The research group of Professor Koichi Kawakami (Laboratory of Molecular and Developmental Biology, National Institute of Genetics (NIG)) and Dr. Hideo Mori (Osaka Habikino Medical Center) identified a mutant strain of SARS‐CoV‐2 that does not show positive results using conventional PCR. The result was published in the international scientific journal Cureus.
Reverse transcription quantitative polymerase chain reactions (RT‐qPCR) are used to diagnose infections with severe acute respiratory syndrome coronavirus 2 (SARS‐CoV‐2), which cause COVID‐19 symptoms. For RT‐qPCR examination, the primer/probe sequences targeting two regions of the N gene from SARS‐CoV‐2 are used in RT‐qPCR kits manufactured by Takara Bio and TOYOBO, among others. Since the pandemic began, many sub strains of SARS‐CoV‐2 containing gene mutations have emerged. The Omicron sub strain is currently widely disseminated worldwide, including in Japan.

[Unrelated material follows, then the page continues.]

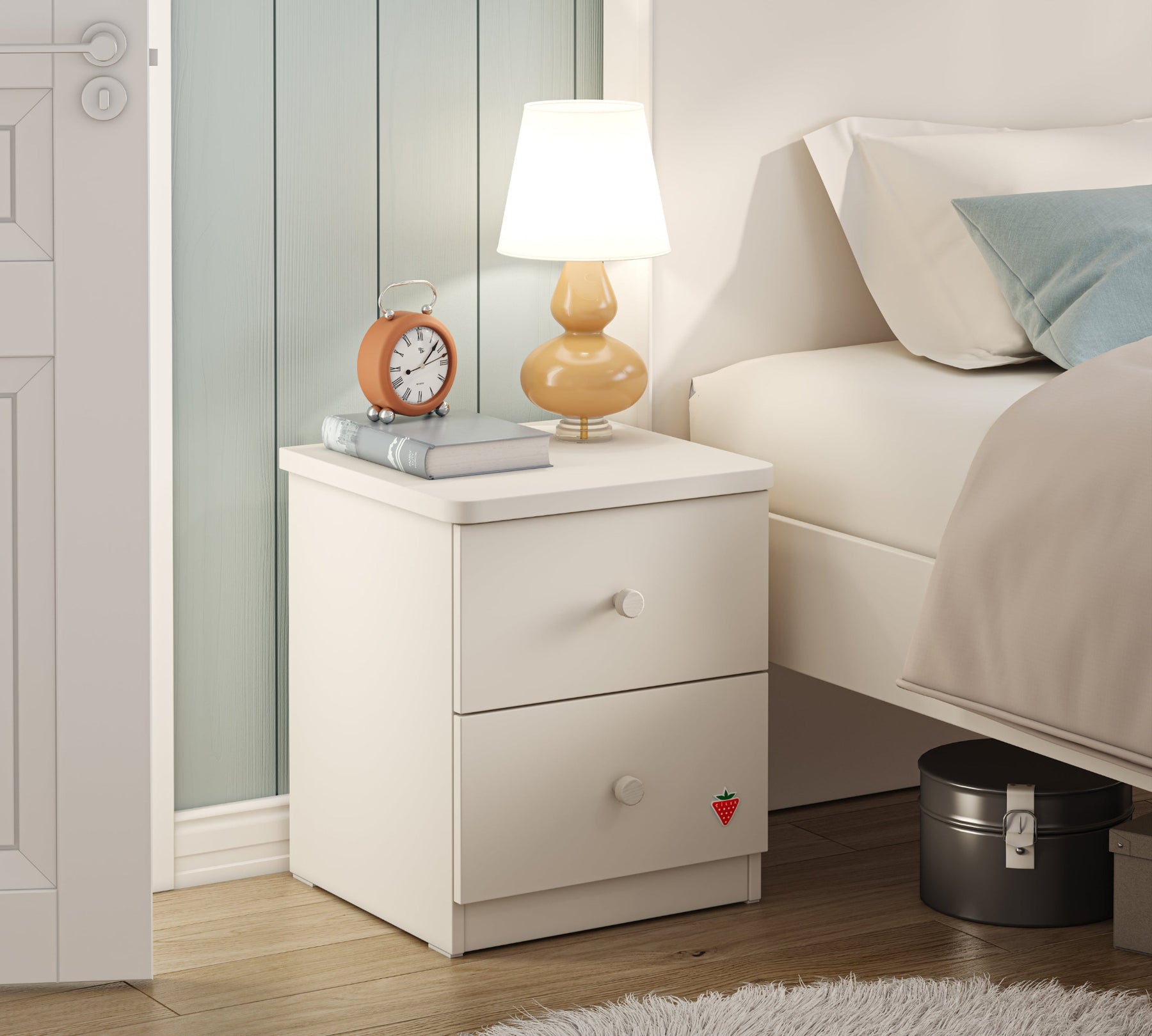 The Varia Cream Nightstand , with its minimalist lines , offers both functionality and aesthetics in your bedroom. Its two drawers help you keep your belongings organized. The drawers close silently and softly for ease of use. Adding a modern touch to your room with its Vario Mink color, the Varia Cream Nightstand is both a stylish addition and a helpful tool to simplify your daily life.
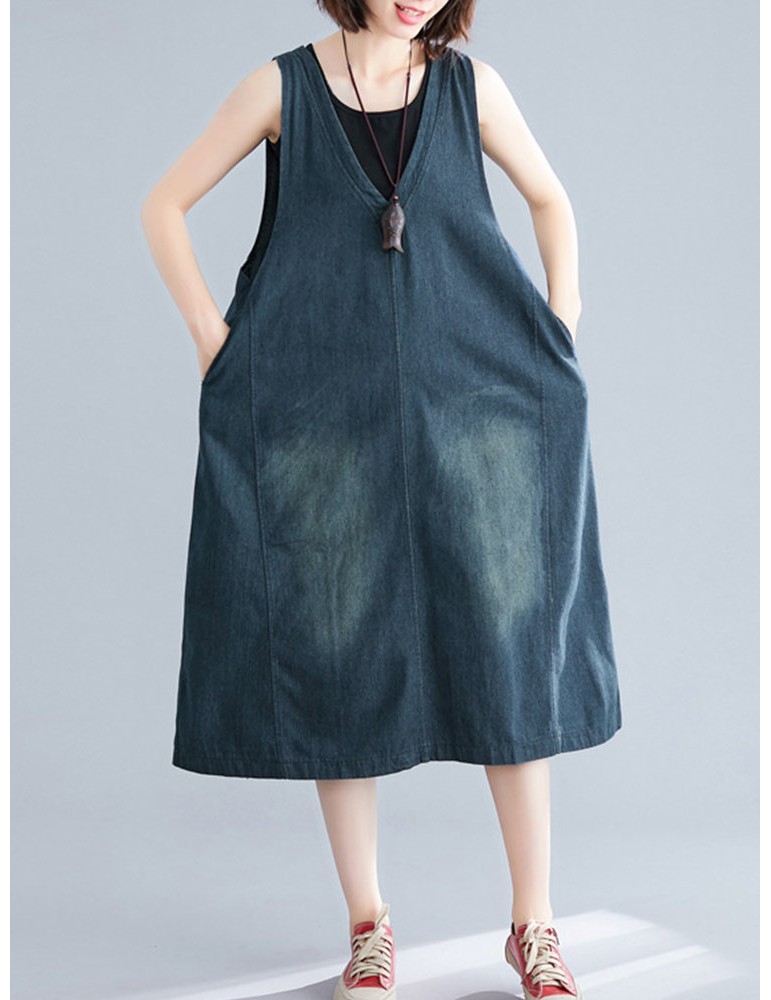 Casual V-neck Sleeveless Denim Overall Dress

In mid‐October of 2022, a saliva specimen collected from a patient presenting with a fever in Osaka showed positive results using multiple different nucleic‐acid tests; however, the RT‐qPCR kit using N1 and N2 primer probes could not detect SARS‐CoV‐2. The research group then performed a detailed analysis of the sample.
Analysis of the S‐gene (3) region in the saliva specimens revealed that the infected strain was an Omicron sub strain. The researchers predicted that this sub strain has an unknown mutation in the N gene and examined the detailed nucleotide sequences of the N1 and N2 regions. The results revealed two mutations in the N1 region (C28311T and A28330G) and one mutation in the N2 region (C29200T). These mutations appear to be undetectable using conventional primer‐based RT‐qPCR test kits. Another known omicron strain, BA5.2, has two mutations in the N1 region (C28311T and A28330G) but no mutation in the N2 region.
The RT‐qPCR kit manufactured by Takara Bio detected the PCR amplification product in BA5.2, although its levels was approximately half of the amount in the positive control; in contrast, the PCR amplification product was not detectable in the present sample.
Strains containing three mutations in the N1 and N2 regions showed frequencies of 0.23% and 0.06% of all virus sequences in Japan and worldwide, respectively. These values may be underestimated because the viruses containing these three mutations were not detected using some test kits. Due to this, PCR testing with N1 and N2 primer probes may have missed some patients with COVID‐19. Even if the PCR test using conventional primers does not give a positive result, mutant strains can be detected if PCR is performed using primers‐probes for different locations after screening patients with characteristics symptoms of COVID‐19.